Hardware interrupts that cause a driver to run and that driver chooses to invoke the scheduler on exit because an I/O operation has completed or some timeout interval has expired that needs to change the set of running threads, (eg. disk, NIC, KB, mouse, timer).

Will detached NSThreads always complete prior to application exit?

When using NSThread's detachNewThreadSelector:toTarget:withObject:, I'm finding that the thread will fully complete its execution before the application is terminated normally if the user were to attempt to quit the application while the background process was executing.
In this case, this is the behavior I desire, but I couldn't find anything in Apple's docs that suggests that this will always be the case. The only relevant information I was able to find was the following, from Apple's Threading Programming Guide:
Important: At application exit time, detached threads can be terminated immediately but joinable threads cannot. Each joinable thread must be joined before the process is allowed to exit. Joinable threads may therefore be preferable in cases where the thread is doing critical work that should not be interrupted, such as saving data to disk.
So from this, I know that detached threads can be terminated at the time of application exit, but will they ever be terminated automatically?

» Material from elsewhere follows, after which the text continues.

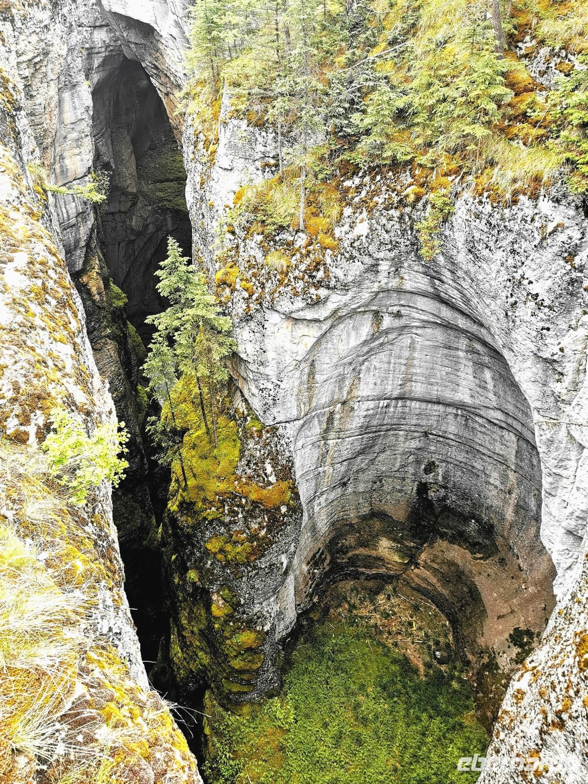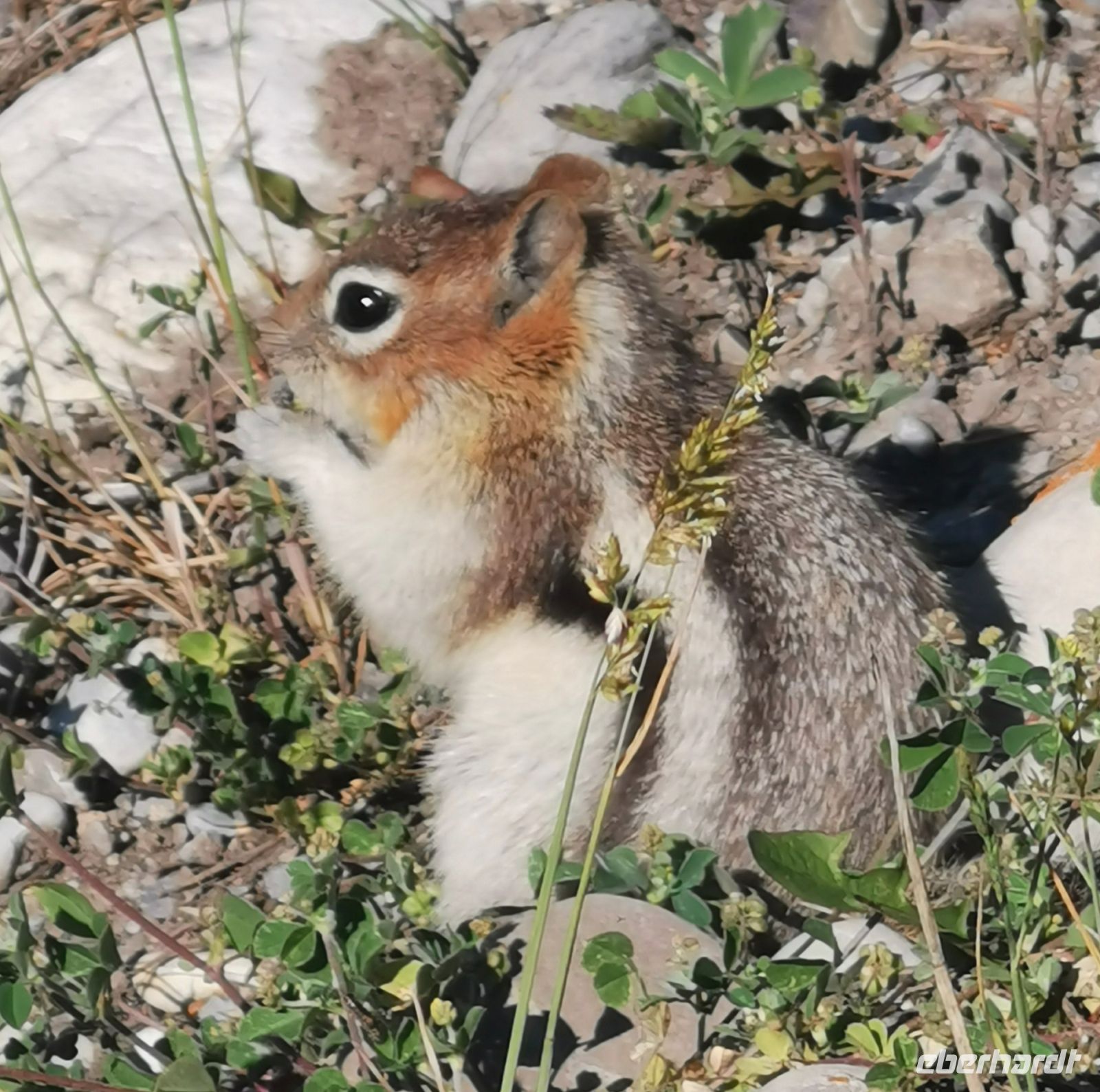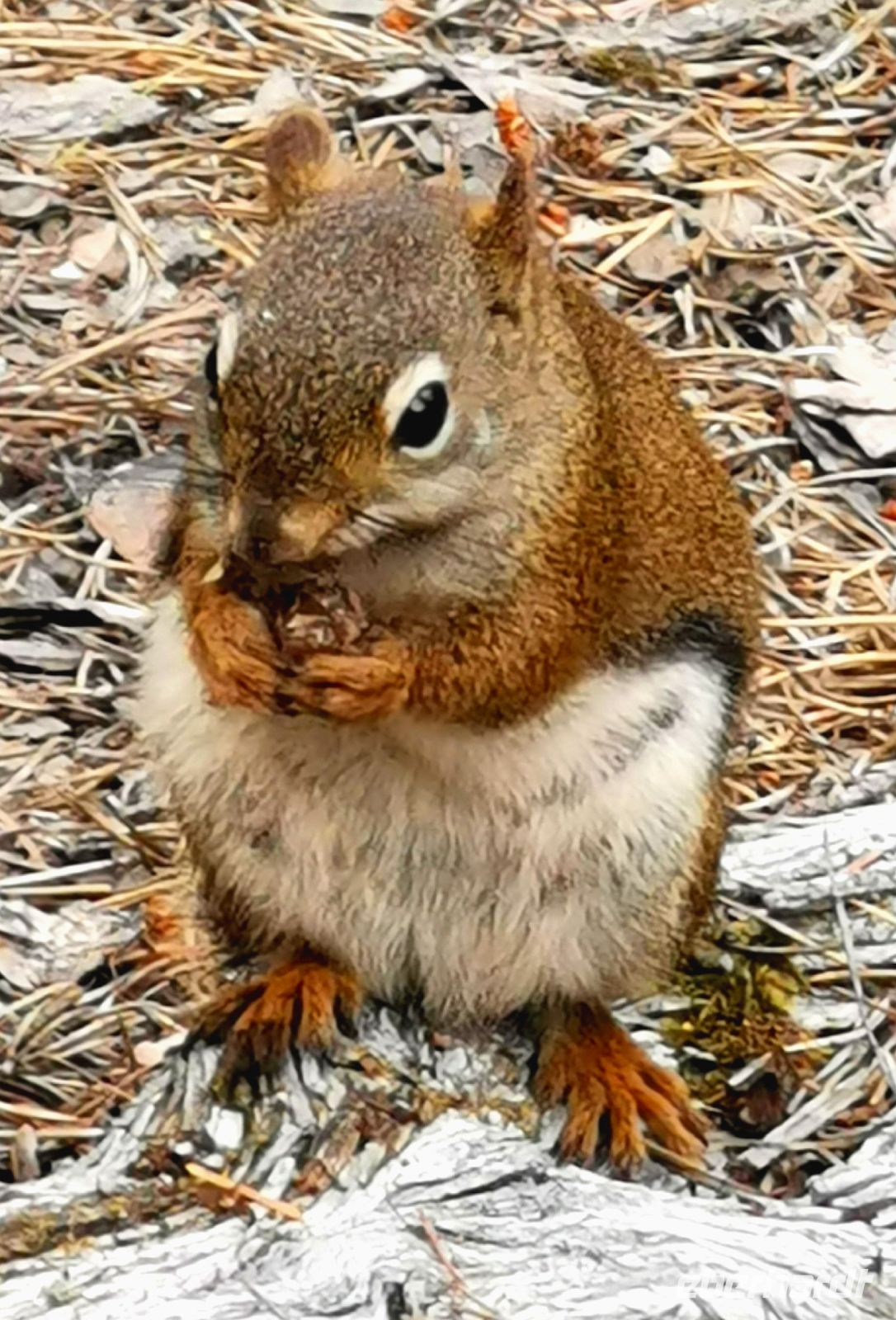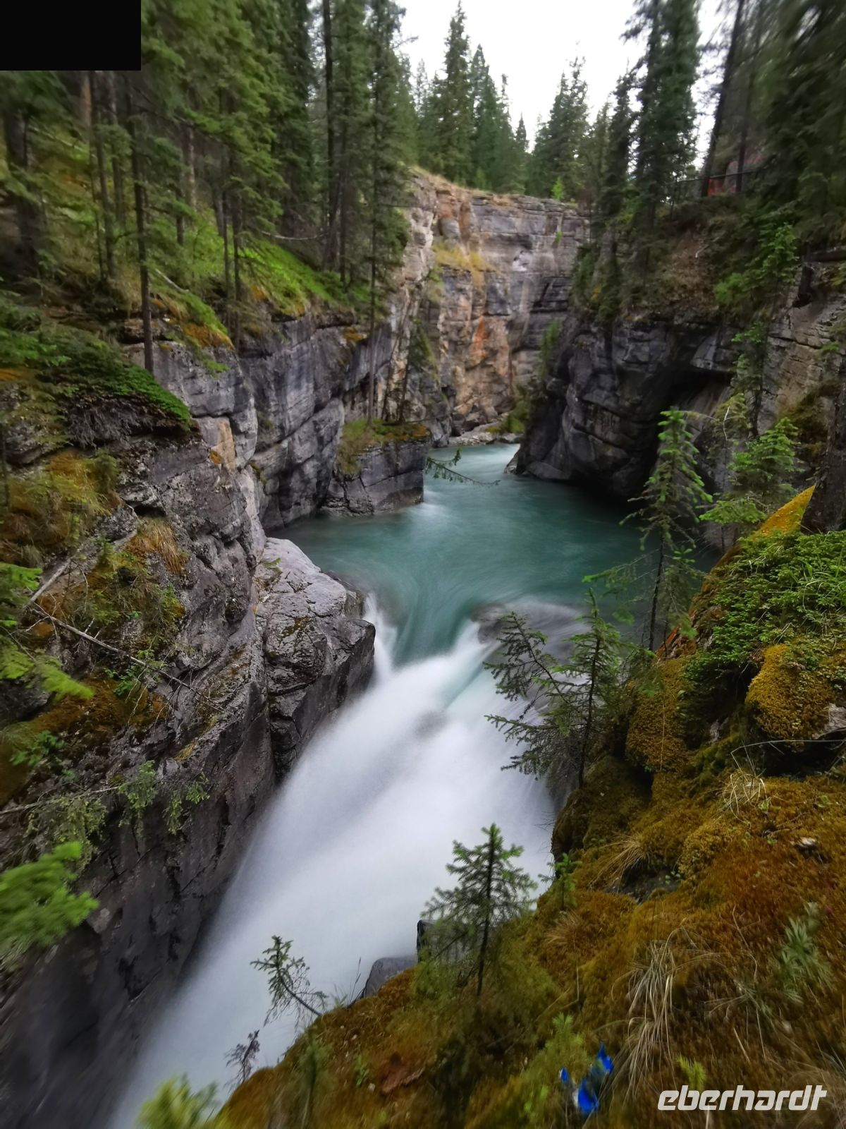 Mit etlicher Verspätung erreichen wir den Maligne Canyon, der sich mit einem Karstsystem verbindet. Er zählt zum UNESCO Weltkulturerbe und der wasserreiche Strom der durch die Schlucht fließt reißt etliche Baumstämme mit sich. Gleich neben dem Waldweg hüpfen munter die Eichhörnchen und fressen genüßlich Zapfen, so daß wir sie hervorragend beobachten können.

Or, am I always safe to assume the thread will complete its execution before the application quits?
You cannot assume that any thread -- including the main thread -- will ever complete execution normally, regardless of the documentation.
This is because the user can quit an application at any time, the system may lose power/panic, or the app may crash.
As for detached threads, it would not be unheard of for the system frameworks to automatically terminate the app forcibly after some timeout once the main event loop has given up the ghost.